BBS8 is an autosomal recessive disorder characterized by retinitis pigmentosa, obesity, postaxial polydactyly, hypogonadism, and developmental delay (Ansley et al., 2003).

For a general phenotypic description and a discussion of genetic heterogeneity of Bardet-Biedl syndrome, see BBS1 (209900).

Clinical Features

Ansley et al. (2003) identified 3 families, 1 of Pakistani and 2 of Saudi Arabian lineage, with BBS8. Affected members had retinitis pigmentosa, obesity, postaxial polydactyly of at least 2 limbs, brachycephaly, hypogonadism, speech impediment, and developmental delay. In the Saudi families, onset of retinitis pigmentosa was in early childhood. Additionally, situs inversus, hemophilia, deafness, and asthma were each found in a single patient.

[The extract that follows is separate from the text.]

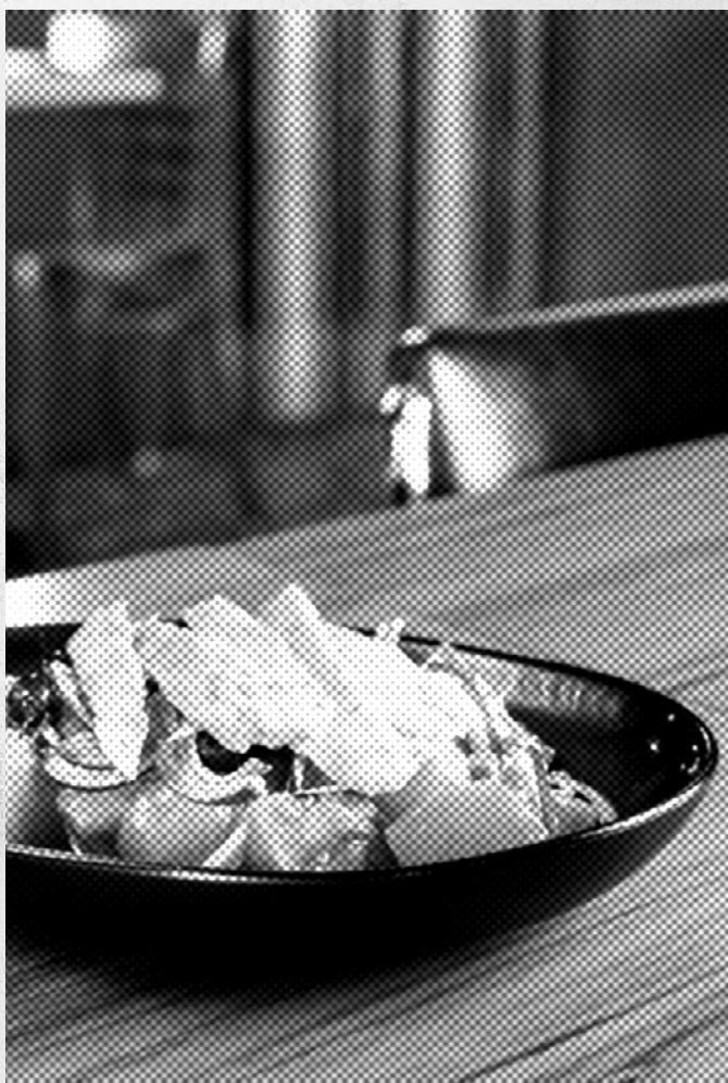
Tomàquet, ventresca i olives

Stoetzel et al. (2006) identified patients with BBS8 from 2 families. The first family was consanguineous and of North African descent. The proband had retinitis pigmentosa, polydactyly of hands and feet, cognitive impairment, and micropenis. One of his affected sisters had a presentation suggestive of McKusick-Kaufman syndrome (236700) as she was operated on at birth for hydrometrocolpos. The other affected sister had, in addition to polydactyly and retinitis pigmentosa, kidney dysplasia. The other proband was born of consanguineous Lebanese parents.

Pathogenesis

Ansley et al. (2003) demonstrated that BBS is probably caused by a defect of the basal body of ciliated cells. The TTC8 gene (608132), mutations in which are responsible for BBS8, encodes a protein with a prokaryotic domain, pilF, involved in pilus formation and twitching mobility. In 1 family a homozygous null BBS8 mutation (608132.0002) led to BBS with randomization of left-right body axis symmetry, a defect of the nodal cilium. Ansley et al. (2003) showed that TTC8 localizes to centrosomes and basal bodies and colocalizes with gamma-tubulin (see 191135), BBS4 (600374), and PCM1 (600299). Furthermore, Ansley et al. (2003) found that all available C. elegans BBS homologs are expressed exclusively in ciliated neurons and contain regulatory elements for RFX, a transcription factor that modulates the expression of genes associated with ciliogenesis and intraflagellar transport.

Molecular Genetics

Ansley et al. (2003) screened the TTC8 gene in a cohort of 120 unrelated BBS patients. They identified homozygous alterations (608132.0001 and 608132.0002) in patients from 3 families. These mutations were not identified in 192 ethnically matched control chromosomes.

Stoetzel et al. (2006) identified homozygous mutations in the TTC8 gene (608132.0003 and 608132.0004) in 2 of 128 BBS families. One additional family had a heterozygous mutation. Stoetzel et al. (2006) concluded that TTC8 mutations account for only about 2% of BBS families.

Using homozygosity mapping, Harville et al. (2010) identified 17 causative homozygous mutations in 20 families from a worldwide cohort of 45 BBS families. Two of these mutations occurred in the TTC8 gene.